Might Cellular Therapies Postpone or Prevent Osteoarthritis After Knee Surgery or Injury

Following injury to the articular surface of the knee, measurable changes in the joint microenvironment can occur, including altered expression of proinflammatory cytokines, matrix metalloproteinases (MMPs), aggrecanases, growth factors, and apoptotic factors. A study assessing the impact of 10 synovial fluid biomarkers at the time of knee injury found that three specific biomarkers can predict with moderate accuracy functional outcomes and level of pain postoperative at five years.

The development of post-traumatic osteoarthritis (PTOA) affects a large percentage of patients with anterior cruciate ligament (ACL) tears, meniscus tears, and other knee injuries. Even when an injury is surgically treated, the joint is at a significantly increased risk of PTOA five to 10 or more years following the initial insult. It is believed that the accelerated cartilage degradation associated with PTOA is the result of inflammatory chemokines released into the joint space at the time of injury. In other words, the initial seed of post-traumatic osteoarthritis is planted at the time of the injury, and there may be a specific pattern of molecular biomarkers in the synovial fluid (i.e., an inflammatory phenotype) that is able to predict which patients are at the highest risk of diminished function and development of OA as a result of their knee trauma.

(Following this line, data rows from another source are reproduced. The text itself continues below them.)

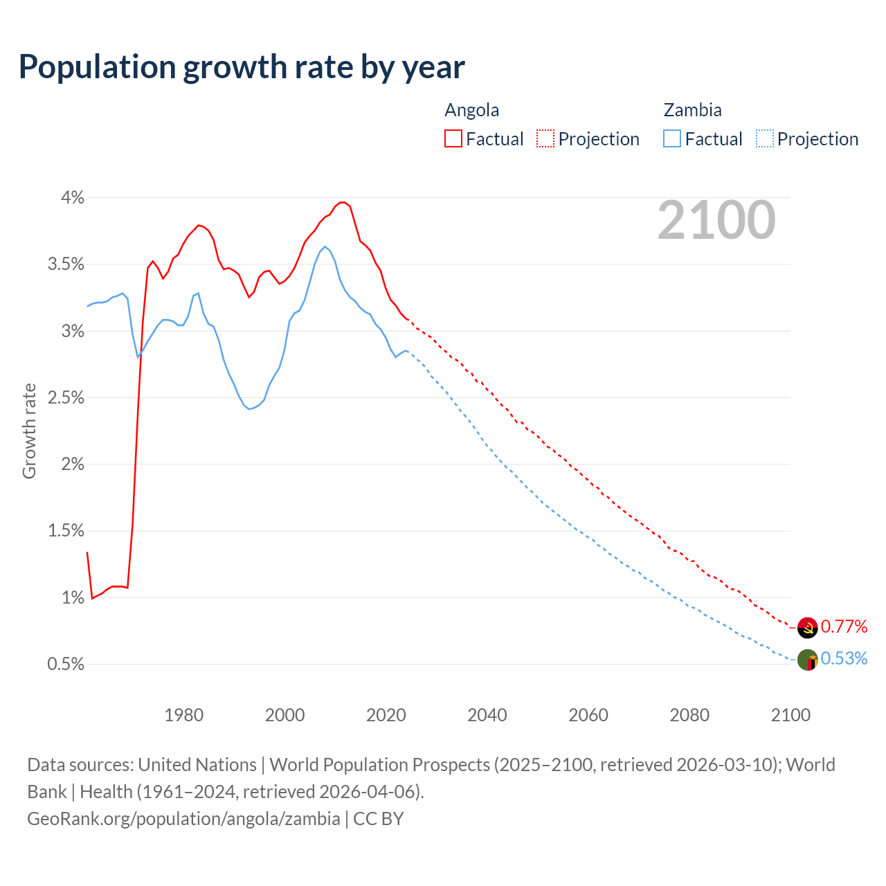 - For the last 10 years, Angola has had an average growth rate of +3.42% per year vs +3% in Zambia.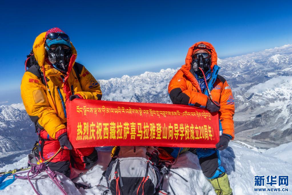2019年5月24日,西藏拉薩喜馬拉雅登山向?qū)W(xué)校的向?qū)冊谥榉屙斏蠎c祝學(xué)校成立20周年。新華社發(fā)(扎西次仁攝)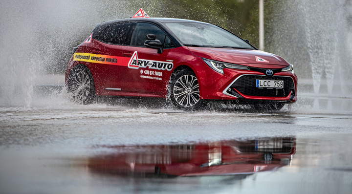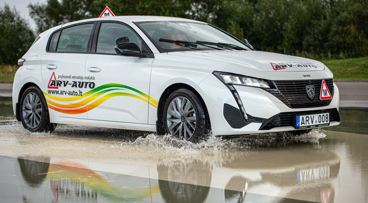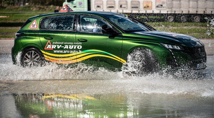 Kursų metu taip pat atliekamas ir vairavimo mokymas ARV-Auto autodromo slidžių dangų trasose – tai patirtis, kurios nepasiūlys nei viena vairavimo mokykla Kaune.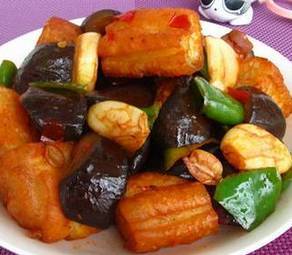 1. 茄子先用盐腌一下, 杀出些水分, 再放入无油的锅中煸炒,直至茄子变色发软半熟, 这样下一步炒茄子时就不会吸油;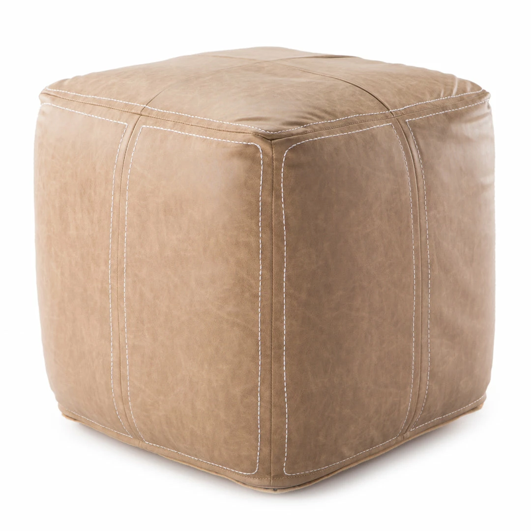 Sleek and warm in the same moment, this Nikki Chu pouf offers minimalist charm to modern spaces. Baseball stitching adds tailored detailing to the camel brown faux leather, lending a subtle quilted design to this square accent.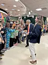 Brown Local Superintendent Danielle Hawk, front right, guides Governor Mike Dewine, left, through the school as he greets elementary students at Wellness Center ribbon-cutting ceremony.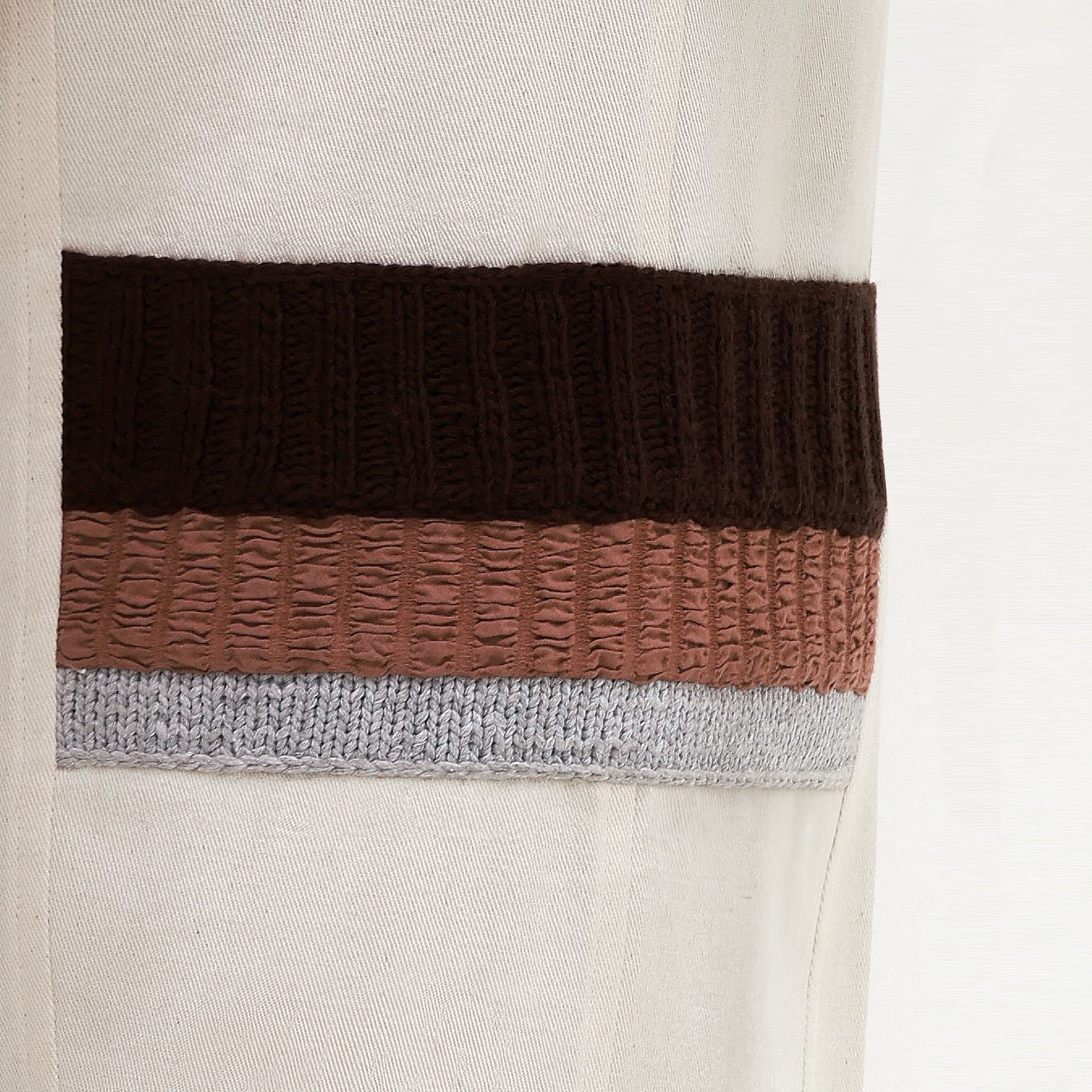 These off-white pants are made from lightweight 100% cotton denim offering comfort and breathability for summer wear. The slant cut pockets in the front provide practicality, while the multi-textured details at the knee, including hand-knitted rib tapes, add a handcrafted touch. A human symbol cut is featured on both the front and back, offering a unique design. The welt pocket at the back adds functionality, and the button fastening in the waistband ensures a secure fit. The edges and cuts are fused to strengthen the seams, making these pants durable for everyday use. A relaxed, straight fit completes the look, ideal for lounging or casual outings.

Cellular Therapy to Prevent Osteoarthritis After Knee Surgery

The study prospectively enrolled 39 patients (mean age at time of surgery, 41.56 years) undergoing primary knee arthroscopy for ACL injury, meniscus injury, and/or focal chondral lesion beginning in October 2011. Patients were excluded if they had any additional associated ligament injury, systemic inflammatory disease, autoimmune disease, intra-articular corticosteroid injection in the three months before surgery, prior knee surgery, immunomodulatory drug use, chemotherapy within the past year, insufficient synovial fluid aspiration, or cartilage/meniscal transplantation in addition to arthroscopy. Those aged 18 years or younger also were excluded.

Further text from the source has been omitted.